Se consuma la victoria, pero, ¿victoria de quien?. Cuando Japón se deslumbró ante los mañosos informes de los agentes secretos de Rockefeller y atacó a Pearl Harbor, en vez de atacar a Rusia, por insospechado camino estaba así facilitando su propia derrota. El Mikado creyó más inteligente ocupar colonias desguarnecidas que cumplir su alianza con Adolf Hitler para aniquilar al marxismo judío. Las fuerzas armadas del Japón eran mucho menores de lo que gene­ralmente se creía. Descontando sus grandes pero no motorizados ejér­citos inmovilizados en China, sólo disponía de 400,000 hombres (26 divisiones) y 3.000 aeroplanos para su campaña a través de 5,000 kilómetros de mar.
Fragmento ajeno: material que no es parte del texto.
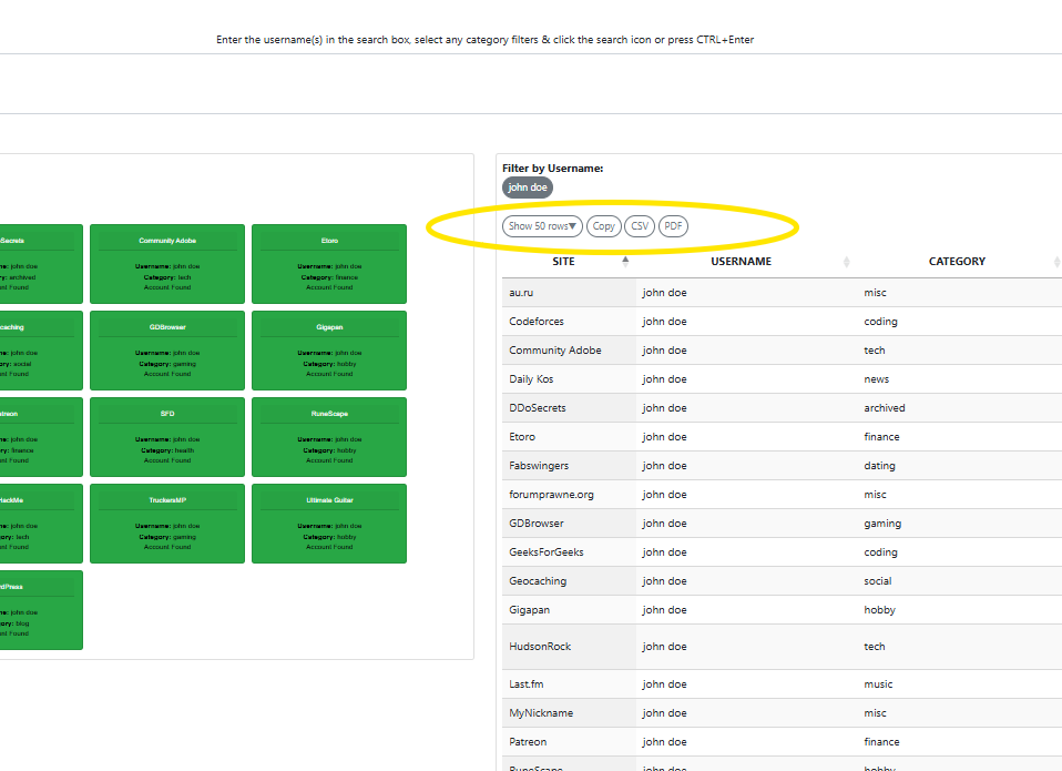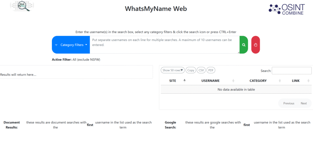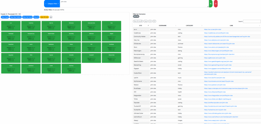 Enter a single username or a comma-separated set of handles into the main search field. For broad reconnaissance, start with the default settings to scan the full directory of supported platforms. When you need to narrow the scope, use the category filter to focus on specific buckets such as social, business, gaming, developer, or dating networks.
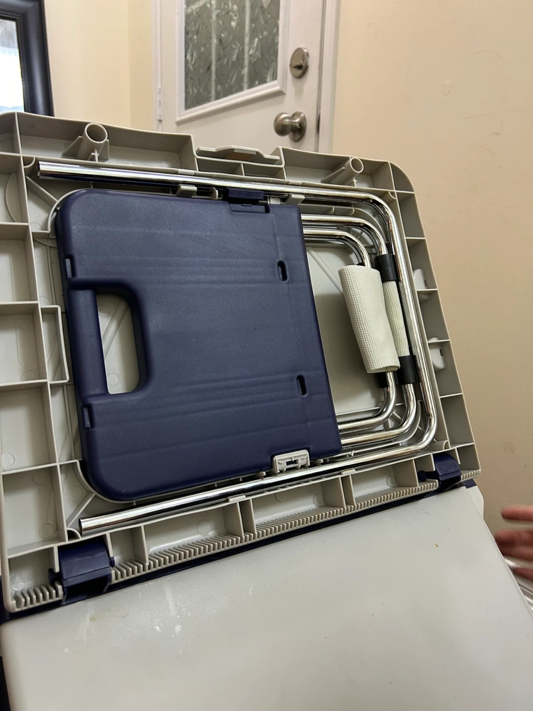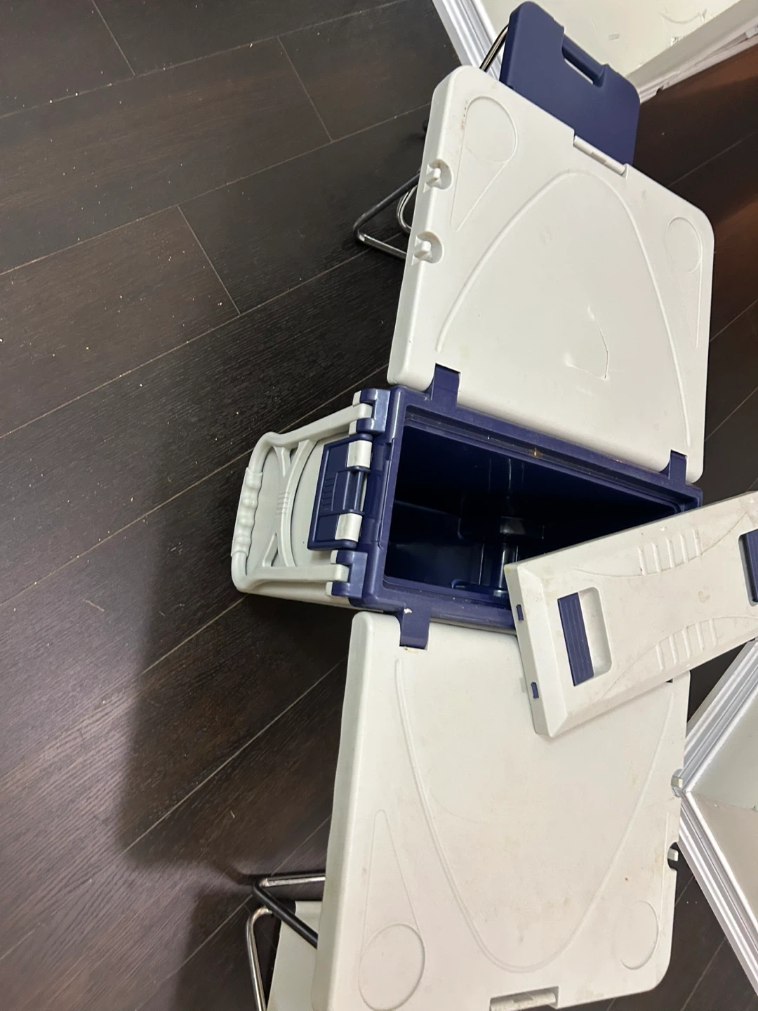 This portable picnic table comes with a built-in cooler and stools. It's perfect for outdoor gatherings, camping, or picnics in the park. The table folds up neatly into a compact case with wheels for easy transport. It's in great condition and ready for your next adventure

Desde Tokio hasta Bírmania y Sumatra, y desde las Islas Salomón hasta Guam, los japoneses lograron triunfos espec­taculares, pero atomizaron sus escasas fuerzas operativas al ir de­jando guarniciones en cada posesión capturada.En cuanto los aliados dispusieron en 1943 de 10 divisiones (4 de ellas norteamericanas y 6 australianas), la suerte de Japón quedó sellada. Sus contingentes no podían agruparse en una sola isla, en tanto que los atacantes iban pegando con fuerzas concentradas en cada una de las débiles y dispersas posesiones japonesas. A partir de ese año la derrota del Japón comenzó a avanzar con lentitud, pero in­flexiblemente.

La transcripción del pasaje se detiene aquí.